● WORK REQUIRED: Below this line are records; transcribe exactly the lines between the one holding "Την Κυριακή, 18" and the one holding "Jindrich Styrsky made", inclusive, and omit the pictures.

(MATERIAL TO PROCESS Opens)

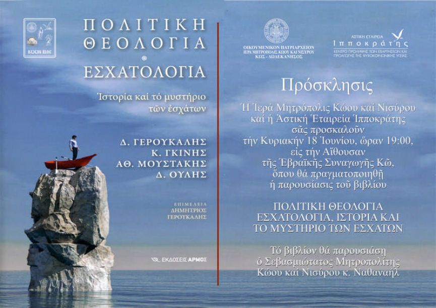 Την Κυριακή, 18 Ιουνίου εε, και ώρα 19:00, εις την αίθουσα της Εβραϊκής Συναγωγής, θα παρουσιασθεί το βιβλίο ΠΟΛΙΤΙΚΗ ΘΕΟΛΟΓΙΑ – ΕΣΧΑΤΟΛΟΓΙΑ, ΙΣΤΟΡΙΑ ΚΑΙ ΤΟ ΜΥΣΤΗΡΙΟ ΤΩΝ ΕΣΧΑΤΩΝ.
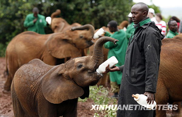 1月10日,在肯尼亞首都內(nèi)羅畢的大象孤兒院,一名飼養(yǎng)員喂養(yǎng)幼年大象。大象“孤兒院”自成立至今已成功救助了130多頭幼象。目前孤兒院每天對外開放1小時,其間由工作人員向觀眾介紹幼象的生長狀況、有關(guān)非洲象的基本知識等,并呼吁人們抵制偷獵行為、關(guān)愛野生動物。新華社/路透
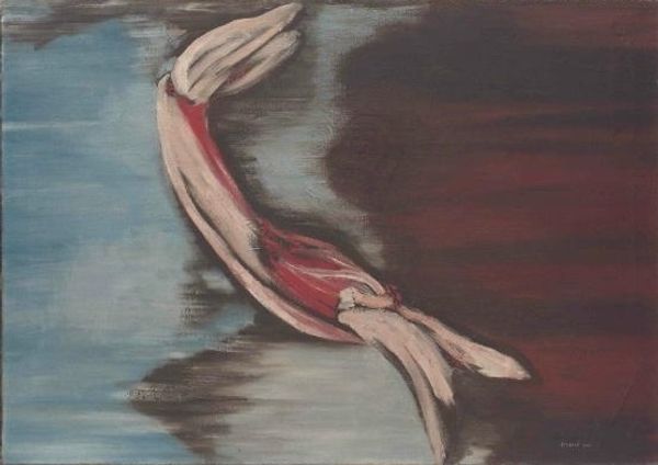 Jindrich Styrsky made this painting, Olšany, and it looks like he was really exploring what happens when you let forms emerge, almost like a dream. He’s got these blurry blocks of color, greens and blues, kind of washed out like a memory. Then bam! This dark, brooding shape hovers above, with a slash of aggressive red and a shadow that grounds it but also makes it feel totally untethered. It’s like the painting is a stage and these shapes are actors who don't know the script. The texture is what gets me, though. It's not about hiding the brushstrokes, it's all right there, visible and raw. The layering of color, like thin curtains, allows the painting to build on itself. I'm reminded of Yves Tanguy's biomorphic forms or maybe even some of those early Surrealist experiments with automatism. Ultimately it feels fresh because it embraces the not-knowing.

(MATERIAL TO PROCESS Closes)
(MATERIAL TO PROCESS Opens)

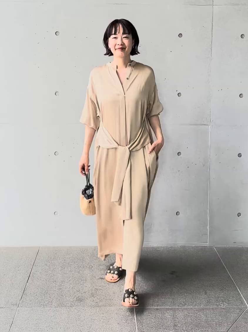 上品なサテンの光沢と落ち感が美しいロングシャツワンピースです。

(MATERIAL TO PROCESS Closes)

● EXPECTED ANSWER:
 Την Κυριακή, 18 Ιουνίου εε, και ώρα 19:00, εις την αίθουσα της Εβραϊκής Συναγωγής, θα παρουσιασθεί το βιβλίο ΠΟΛΙΤΙΚΗ ΘΕΟΛΟΓΙΑ – ΕΣΧΑΤΟΛΟΓΙΑ, ΙΣΤΟΡΙΑ ΚΑΙ ΤΟ ΜΥΣΤΗΡΙΟ ΤΩΝ ΕΣΧΑΤΩΝ.
 1月10日,在肯尼亞首都內(nèi)羅畢的大象孤兒院,一名飼養(yǎng)員喂養(yǎng)幼年大象。大象“孤兒院”自成立至今已成功救助了130多頭幼象。目前孤兒院每天對外開放1小時,其間由工作人員向觀眾介紹幼象的生長狀況、有關(guān)非洲象的基本知識等,并呼吁人們抵制偷獵行為、關(guān)愛野生動物。新華社/路透
 Jindrich Styrsky made this painting, Olšany, and it looks like he was really exploring what happens when you let forms emerge, almost like a dream. He’s got these blurry blocks of color, greens and blues, kind of washed out like a memory. Then bam! This dark, brooding shape hovers above, with a slash of aggressive red and a shadow that grounds it but also makes it feel totally untethered. It’s like the painting is a stage and these shapes are actors who don't know the script. The texture is what gets me, though. It's not about hiding the brushstrokes, it's all right there, visible and raw. The layering of color, like thin curtains, allows the painting to build on itself. I'm reminded of Yves Tanguy's biomorphic forms or maybe even some of those early Surrealist experiments with automatism. Ultimately it feels fresh because it embraces the not-knowing.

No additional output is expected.